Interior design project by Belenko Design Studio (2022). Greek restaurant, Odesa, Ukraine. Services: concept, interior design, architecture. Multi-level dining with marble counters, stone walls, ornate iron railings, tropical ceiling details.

* * *

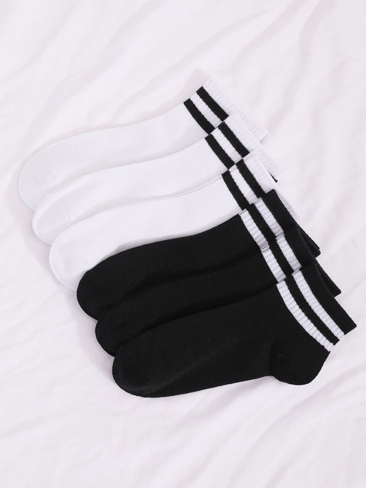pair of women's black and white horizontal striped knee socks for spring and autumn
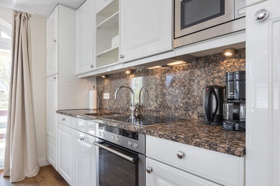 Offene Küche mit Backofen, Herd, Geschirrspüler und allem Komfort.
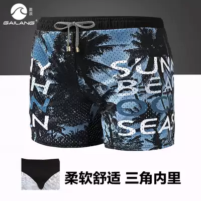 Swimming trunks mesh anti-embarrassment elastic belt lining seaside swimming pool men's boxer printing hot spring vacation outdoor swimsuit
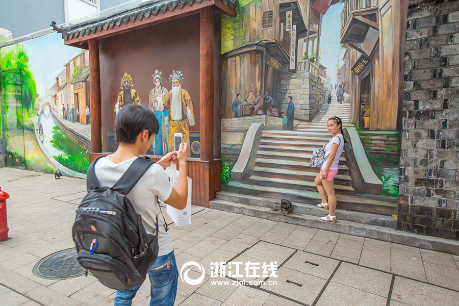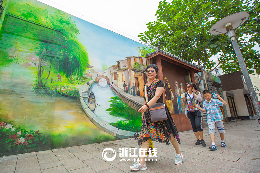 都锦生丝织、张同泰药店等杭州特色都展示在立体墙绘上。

ASSIGNMENT – When you reach the line that has "Swimming trunks mesh" in the data above, start repeating lines exactly, and stop after the line that has "都锦生丝织、张同泰药店等杭州特色都展示在立体墙绘上。"; pictures stay out.

ANSWER TO THE EXERCISE –
 Swimming trunks mesh anti-embarrassment elastic belt lining seaside swimming pool men's boxer printing hot spring vacation outdoor swimsuit
 都锦生丝织、张同泰药店等杭州特色都展示在立体墙绘上。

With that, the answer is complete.